== TASK INPUT ==
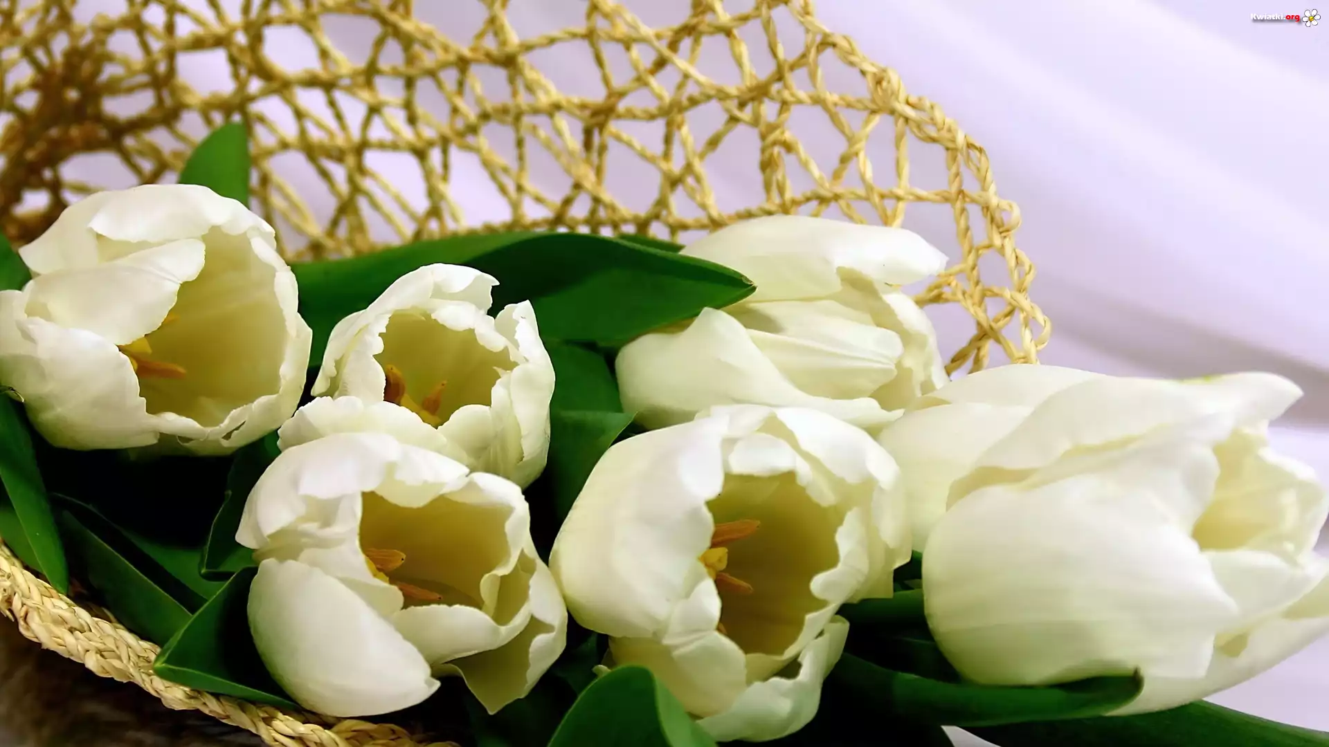 Kwiat Pleciony, Kosz, Białe, Tulipany
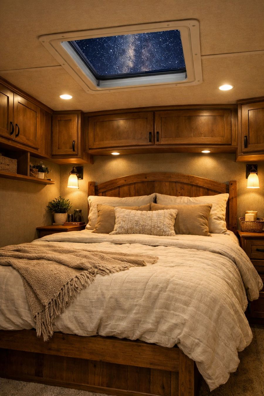 The bedroom area is a tranquil retreat, designed for rest and relaxation. A cozy, queen-sized bed with a handcrafted wooden frame is the focal point, dressed in soft, natural linens. Above the bed, a skylight offers a glimpse of the stars, adding a dreamy touch to the space. Built-in storage solutions line the walls, keeping belongings organized and the space uncluttered. The walls are painted in calming earth tones, creating a serene atmosphere that's perfect for unwinding after a long day.
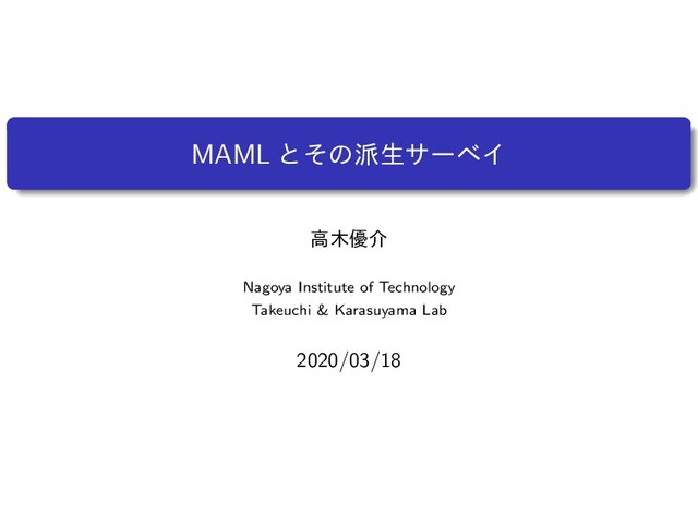 the original work of Finn et al. [15], and first-order MAML and Reptile results are from Nichol et al. [43]. iMAML with gradient descent (GD) uses 16 and 25 steps for 5-way and 20-way tasks respectively. iMAML with Hessian-free uses 5 CG steps to compute the search direction and performs line-search to pick step size. Both versions of iMAML use = 2.0 for regularization, and 5 CG steps to compute the task meta-gradient. Algorithm 5-way 1-shot 5-way 5-shot 20-way 1-shot 20-way 5-shot MAML [15] 98.7 ± 0.4% 99.9 ± 0.1% 95.8 ± 0.3% 98.9 ± 0.2% first-order MAML [15] 98.3 ± 0.5% 99.2 ± 0.2% 89.4 ± 0.5% 97.9 ± 0.1% Reptile [43] 97.68 ± 0.04% 99.48 ± 0.06% 89.43 ± 0.14% 97.12 ± 0.32% iMAML, GD (ours) 99.16 ± 0.35% 99.67 ± 0.12% 94.46 ± 0.42% 98.69 ± 0.1% iMAML, Hessian-Free (ours) 99.50 ± 0.26% 99.74 ± 0.11% 96.18 ± 0.36% 99.14 ± 0.1% dataset for different numbers of class labels and shots (in the N-way, K-shot setting), and compare two variants of iMAML with published results of the most closely related algorithms: MAML, FOMAML, and Reptile. While these methods are not state-of-the-art on this benchmark, they pro- vide an apples-to-apples comparison for studying the use of implicit gradients in optimization-based meta-learning. For a fair comparison, we use the identical convolutional architecture as these prior works. Note however that architecture tuning can lead to better results for all algorithms [27]. The first variant of iMAML we consider involves solving the inner level problem (the regularized objective function in Eq. 4) using gradient descent. The meta-gradient is computed using conjugate gradient, and the meta-parameters are updated using Adam. This presents the most straightforward comparison with MAML, which would follow a similar procedure, but backpropagate through the path of optimization as opposed to invoking implicit differentiation. The second variant of iMAML uses a second order method for the inner level problem. In particular, we consider the Hessian-free or Newton-CG [44, 36] method. This method makes a local quadratic approximation to the objective function (in our case, G( 0 , ✓) and approximately computes the Newton search direction using CG. Since CG requires only Hessian-vector products, this way of approximating the Newton search di- rection is scalable to large deep neural networks. The step size can be computed using regularization, damping, trust-region, or linesearch. We use a linesearch on the training loss in our experiments to also illustrate how our method can handle non-differentiable inner optimization loops. We refer the readers to Nocedal & Wright [44] and Martens [36] for a more detailed exposition of this optimiza- tion algorithm. Similar approaches have also gained prominence in reinforcement learning [52, 47]. e first variant of iMAML we consider involves solving the inner level problem (the regularized ective function in Eq. 4) using gradient descent. The meta-gradient is computed using conjugate dient, and the meta-parameters are updated using Adam. This presents the most straightforward mparison with MAML, which would follow a similar procedure, but backpropagate through the h of optimization as opposed to invoking implicit differentiation. The second variant of iMAML s a second order method for the inner level problem. In particular, we consider the Hessian-free Newton-CG [44, 36] method. This method makes a local quadratic approximation to the objective ction (in our case, G( 0 , ✓) and approximately computes the Newton search direction using CG. ce CG requires only Hessian-vector products, this way of approximating the Newton search di- ion is scalable to large deep neural networks. The step size can be computed using regularization, mping, trust-region, or linesearch. We use a linesearch on the training loss in our experiments to o illustrate how our method can handle non-differentiable inner optimization loops. We refer the ders to Nocedal & Wright [44] and Martens [36] for a more detailed exposition of this optimiza- n algorithm. Similar approaches have also gained prominence in reinforcement learning [52, 47]. Table 3: Mini-ImageNet 5-way-1-shot accuracy Algorithm 5-way 1-shot MAML 48.70 ± 1.84 % first-order MAML 48.07 ± 1.75 % Reptile 49.97 ± 0.32 % iMAML GD (ours) 48.96 ± 1.84 % iMAML HF (ours) 49.30 ± 1.88 % les 2 and 3 present the results on Omniglot Mini-ImageNet, respectively. On the Om- lot domain, we find that the GD version of AML is competitive with the full MAML algo- m, and substatially better than its approxima- ns (i.e., first-order MAML and Reptile), espe- ly for the harder 20-way tasks. We also find that AML with Hessian-free optimization performs stantially better than the other methods, suggest- that powerful optimizers in the inner loop can of- benifits to meta-learning. In the Mini-ImageNet main, we find that iMAML performs better than MAML and FOMAML. We used = 0.5 and 10 dient steps in the inner loop. We did not perform an extensive hyperparameter sweep, and expect the results can improve with better hyperparameters. 5 CG steps were used to compute the a-gradient. The Hessian-free version also uses 5 CG steps for the search direction. Additional erimental details are Appendix F. Related Work r work considers the general meta-learning problem [51, 55, 41], including few-shot learning [30, . Meta-learning approaches can generally be categorized into metric-learning approaches that n an embedding space where non-parametric nearest neighbors works well [29, 57, 54, 45, 3], ck-box approaches that train a recurrent or recursive neural network to take datapoints as input • Omniglot(্ஈ), Mini-ImageNet(Լஈ) Ͱͷਫ਼ͷൺֱ • Inner ͷ࠷దԽʹ Hessian-free Λ༻ͨ͠ iMAML ͕ڧ͍ • ಉۙ͡ࣅख๏Ͱ͋Δ FOMAML Reptile ͍͠λεΫ (20-way 1-shot) Ͱେ͖͘ਫ਼͕Լ͕Δ 52 / 90
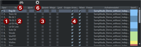 Der Spurmanager stellt alle im aktuellen Projekt enthaltenen Spuren dar und ermöglicht neben dem direkten Zugriff auf verschiedene Spureigenschaften wie „Solo“, „Mute“ und „Record“ auch das Verbergen von Spuren im Projektfenster oder Mixer.
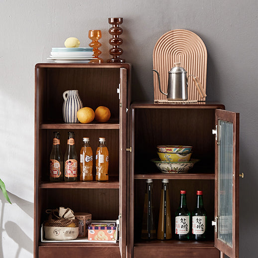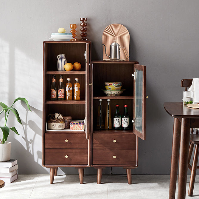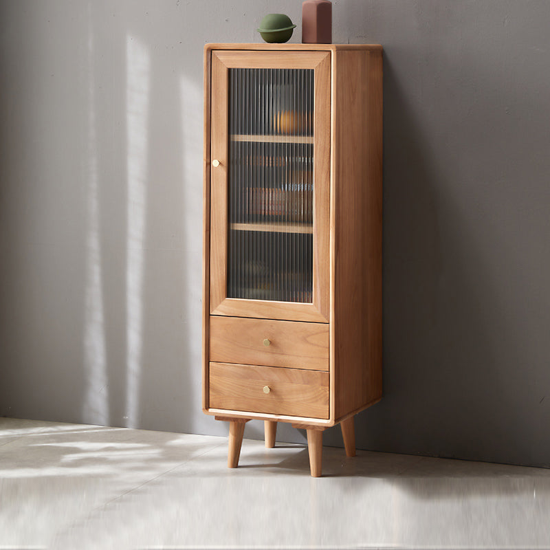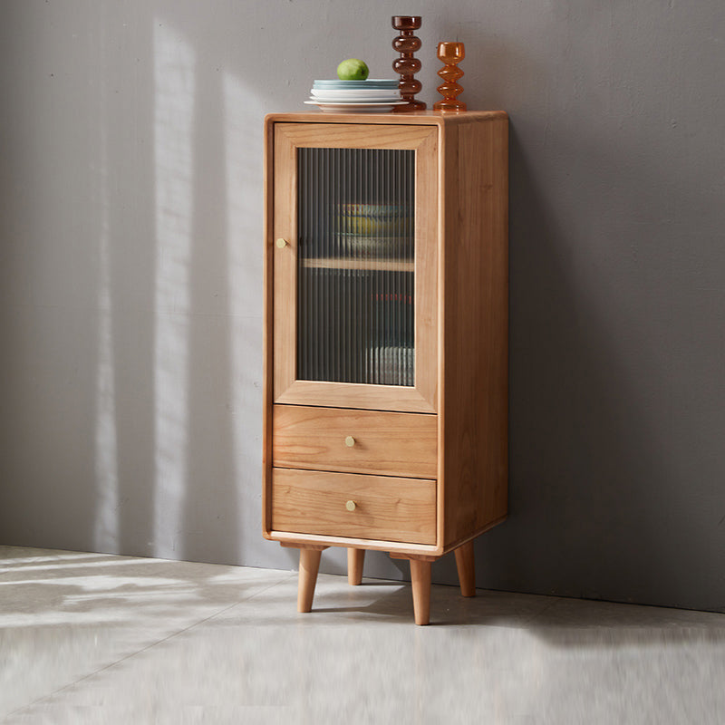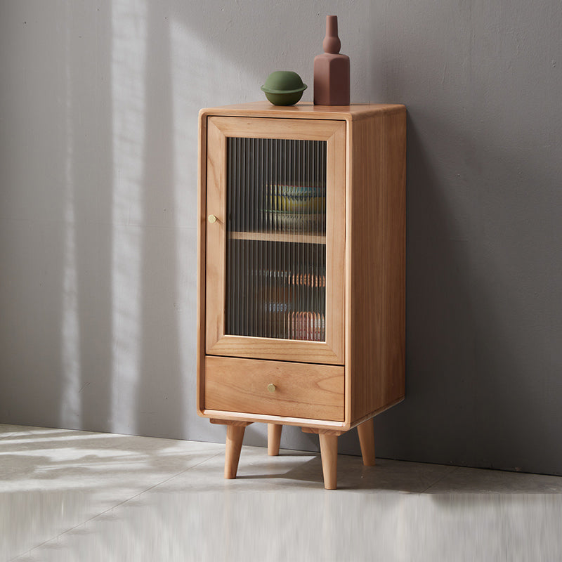 Glass Paned Accent Cabinet Modern Style 1-Door Chest with Drawers
===
:: EXERCISE DIRECTIONS ::
Output nothing but the lines from the line with "Der Spurmanager stellt" through the last line of the material above, please, word for word and without the pictures.

:: ANSWER SECTION ::
 Der Spurmanager stellt alle im aktuellen Projekt enthaltenen Spuren dar und ermöglicht neben dem direkten Zugriff auf verschiedene Spureigenschaften wie „Solo“, „Mute“ und „Record“ auch das Verbergen von Spuren im Projektfenster oder Mixer.
 Glass Paned Accent Cabinet Modern Style 1-Door Chest with Drawers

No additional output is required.